Imagine the waveform of a sound wave - there is an amplitude for each point in time, which you can easily take a FT of. This waveform could also be, say, a vibrating guitar string at a fixed moment in time, in which case the units are amplitude vs. distance, but it is still just a function that you can take a FT transform of (now the "frequency" domain is the inverse of distance rather than the inverse of time, but it still works). An image is just a function of amplitude vs. distance, though there are 2 distance variables since an image is 2-dimensional, but the idea is the same, and the Fourier Transform is still defined for functions of 2 or more variables. In a color jpeg, I believe this is done individually for red, blue, and green, and the point at which you cut off the infinite series of Fourier coefficients determines image quality.
That said, this picture is awesome! I've never seen it done before.
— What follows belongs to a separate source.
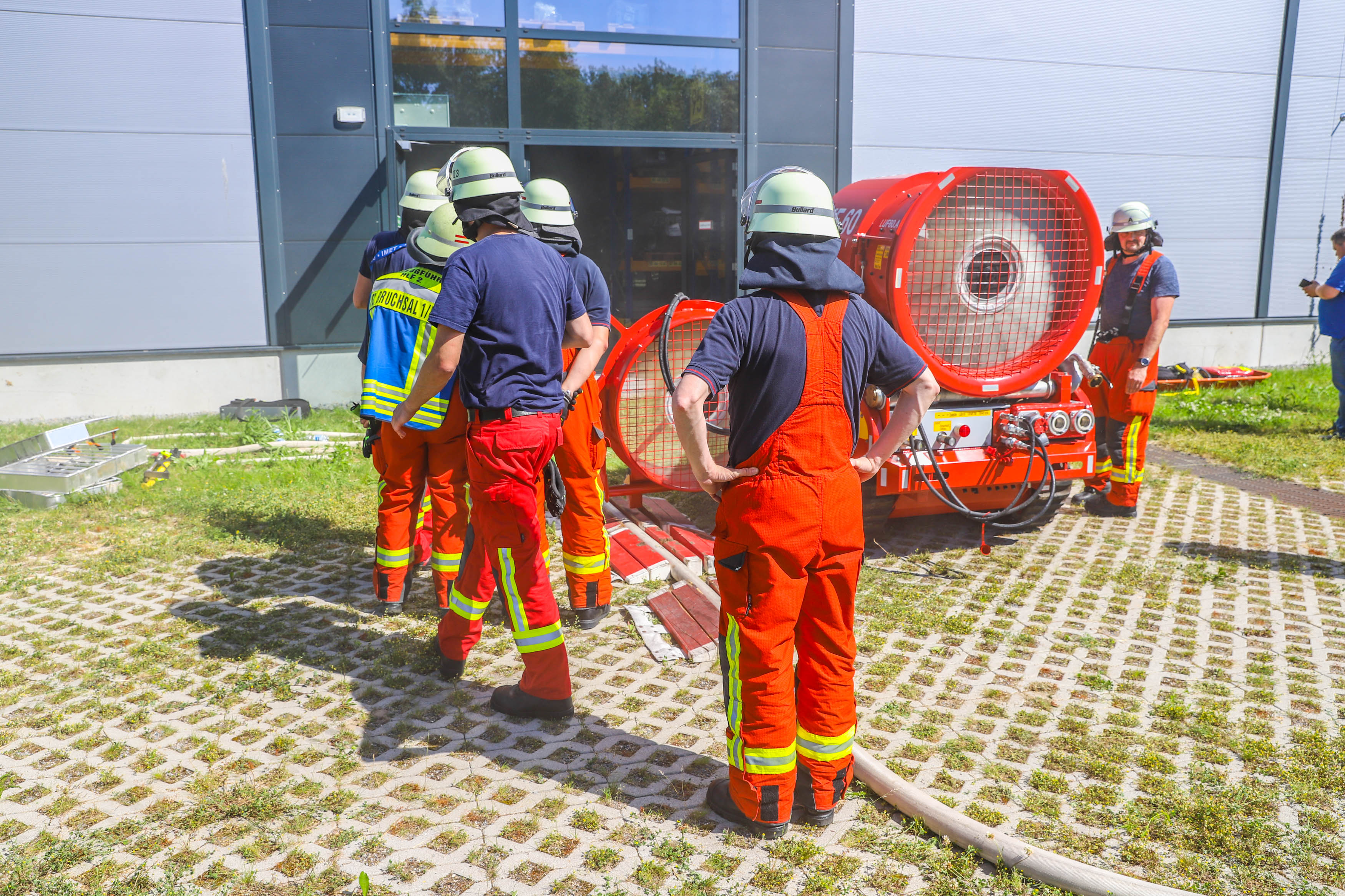 Die Übungsschwerpunkte lagen auf den speziellen Bedingungen an der Übungsörtlichkeit. Diese umfassten die Löschwassereinspeisung, die Kommunikation über den Gebäudefunk und den Einsatz des LUF aufgrund der gigantischen Lagerhalle.

Another idea to grok: a checkerboard pattern image where every other pixel row and column are alternating full black and full white represents the "highest frequency" image possible at that sample rate (pixel density). This is the 2d equivalent of an alternating sinusoid +1,-1,+1,-1, etc
I learnt fourier transforms as something done to 2D images before I learnt any other applications, so I can draw the FT of a simple image by hand, but I really struggle getting my head around other applications :(
That said, this picture is awesome! I've never seen it done before.